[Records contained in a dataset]

┄┄┄┄┄┄┄┄┄┄

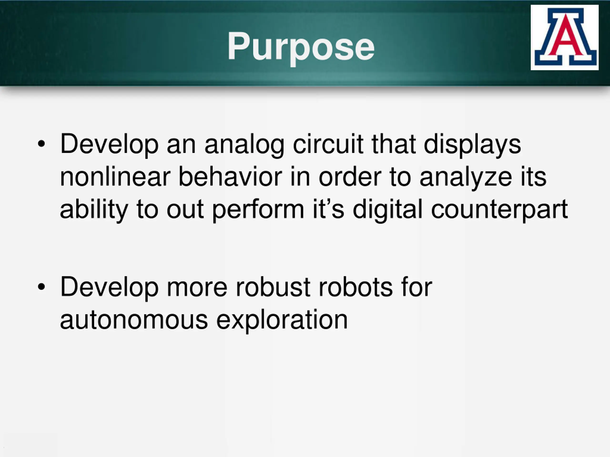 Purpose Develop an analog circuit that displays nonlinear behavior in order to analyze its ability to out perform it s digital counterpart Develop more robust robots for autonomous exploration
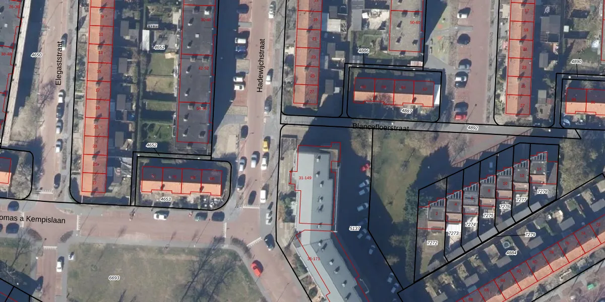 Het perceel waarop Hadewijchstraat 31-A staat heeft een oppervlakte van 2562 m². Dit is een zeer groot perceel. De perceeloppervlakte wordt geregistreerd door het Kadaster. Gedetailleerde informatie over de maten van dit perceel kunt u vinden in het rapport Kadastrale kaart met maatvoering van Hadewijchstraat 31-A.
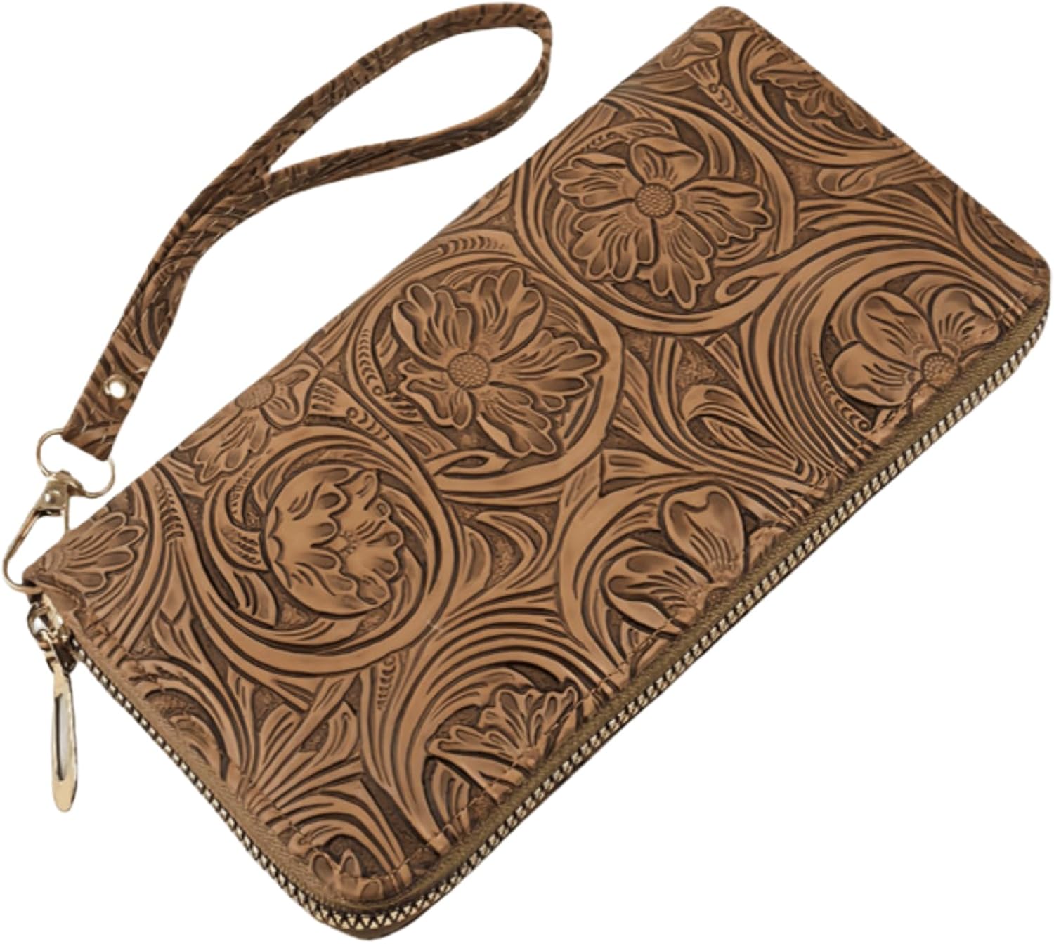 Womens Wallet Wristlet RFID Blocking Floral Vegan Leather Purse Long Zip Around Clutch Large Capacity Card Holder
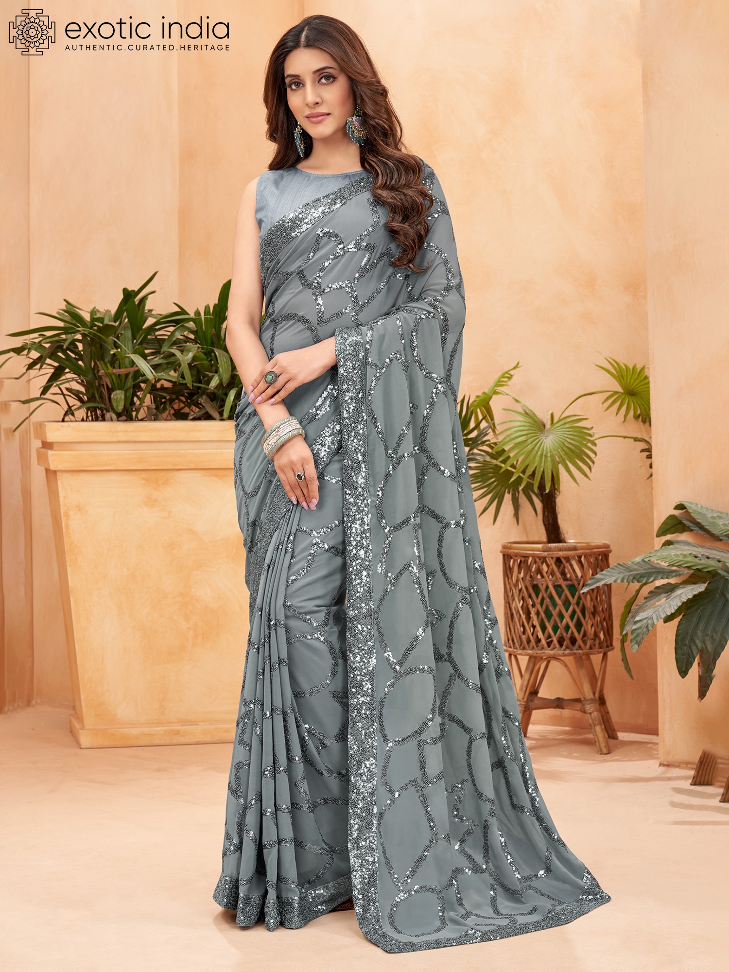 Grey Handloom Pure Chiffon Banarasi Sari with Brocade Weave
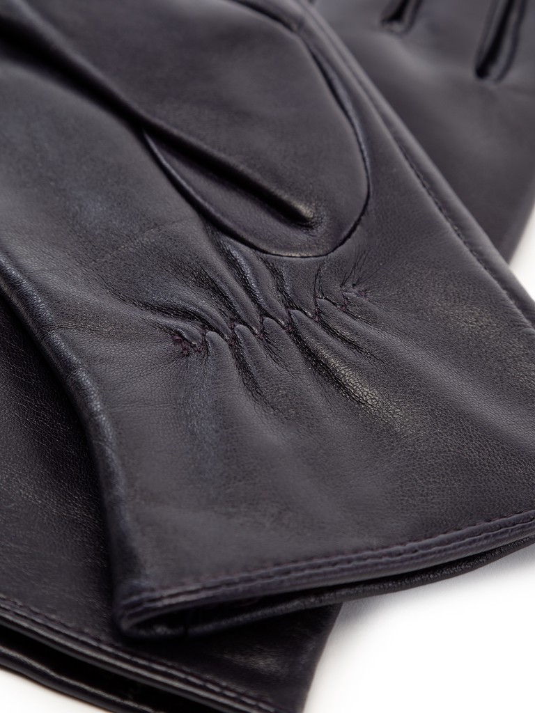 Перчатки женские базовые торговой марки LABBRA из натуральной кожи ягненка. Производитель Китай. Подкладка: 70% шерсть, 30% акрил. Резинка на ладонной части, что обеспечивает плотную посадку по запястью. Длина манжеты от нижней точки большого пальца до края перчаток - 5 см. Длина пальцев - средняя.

┄┄┄┄┄┄┄┄┄┄

_What you will do_
Repeat the data word for word, minus any pictures.

_Solution for this exercise_
 Purpose Develop an analog circuit that displays nonlinear behavior in order to analyze its ability to out perform it s digital counterpart Develop more robust robots for autonomous exploration
 Het perceel waarop Hadewijchstraat 31-A staat heeft een oppervlakte van 2562 m². Dit is een zeer groot perceel. De perceeloppervlakte wordt geregistreerd door het Kadaster. Gedetailleerde informatie over de maten van dit perceel kunt u vinden in het rapport Kadastrale kaart met maatvoering van Hadewijchstraat 31-A.
 Womens Wallet Wristlet RFID Blocking Floral Vegan Leather Purse Long Zip Around Clutch Large Capacity Card Holder
 Grey Handloom Pure Chiffon Banarasi Sari with Brocade Weave
 Перчатки женские базовые торговой марки LABBRA из натуральной кожи ягненка. Производитель Китай. Подкладка: 70% шерсть, 30% акрил. Резинка на ладонной части, что обеспечивает плотную посадку по запястью. Длина манжеты от нижней точки большого пальца до края перчаток - 5 см. Длина пальцев - средняя.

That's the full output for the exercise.